Pete Chryplewicz

No. 81
- Position: Tight end

Personal information
- Born: April 27, 1974 (age 52) Detroit, Michigan, U.S.
- Listed height: 6 ft 5 in (1.96 m)
- Listed weight: 253 lb (115 kg)

Career information
- High school: Sterling Heights Stevenson (Sterling Heights, Michigan)
- College: Notre Dame
- NFL draft: 1997: 5th round, 135th overall pick

Career history
- Detroit Lions (1997–1999); Oakland Raiders (2001)*;
- * Offseason or practice squad member only

Career NFL statistics
- Receptions: 9
- Receiving yards: 65
- Touchdowns: 3
- Stats at Pro Football Reference

= Pete Chryplewicz =

American football player (born 1974)

Pete Chryplewicz (born April 27, 1974) is an American former professional football player who was a tight end for the Detroit Lions of the National Football League (NFL). He played college football for the Notre Dame Fighting Irish.

==Early life==
Chryplewicz attended high school at Sterling Heights Stevenson High School in Sterling Heights, Michigan. He was named Michigan's top high school football recruit in 1991.
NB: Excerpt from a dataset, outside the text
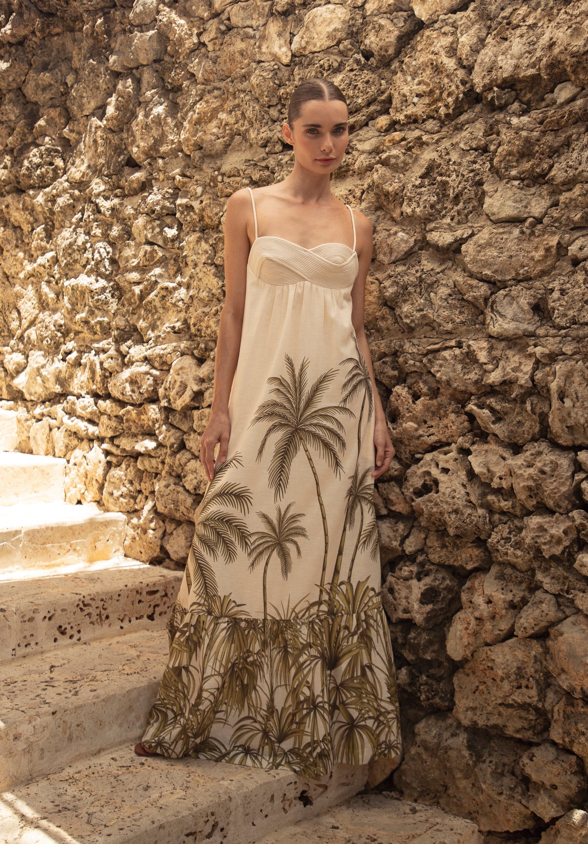 The collection is inspired by the beauty of the Caribbean and the calm of the sea. Its flowing, elegant silhouettes reflect the movement of the waves, with handcrafted details and cuts that bring a timeless touch to each design. Made with high-quality fabrics like linen, silk, cotton, and viscose, the pieces are created for a woman who is free, modern, and down to earth. A celebration of nature with freshness and lasting elegance.

Chryplewicz was part of the inaugural Hall of Fame class for Stevenson High School. He was inducted in a ceremony in September 2023.

==College career==
Chryplewicz played for the University of Notre Dame, where he had 48 catches and five touchdowns over five seasons. He sat out the 1994 season with a broken wrist, which allowed him the fifth season of eligibility. He was a named an honorable mention to the 1996 College Football All-America Team.

==Professional career==
Chryplewicz was selected by the Detroit Lions in the fifth round (135th overall) of the 1997 NFL draft. He played three seasons with the Lions, recording nine catches and three touchdowns.

==Personal==
Chryplewicz is fluent in Polish. He now works in manufacturing sales.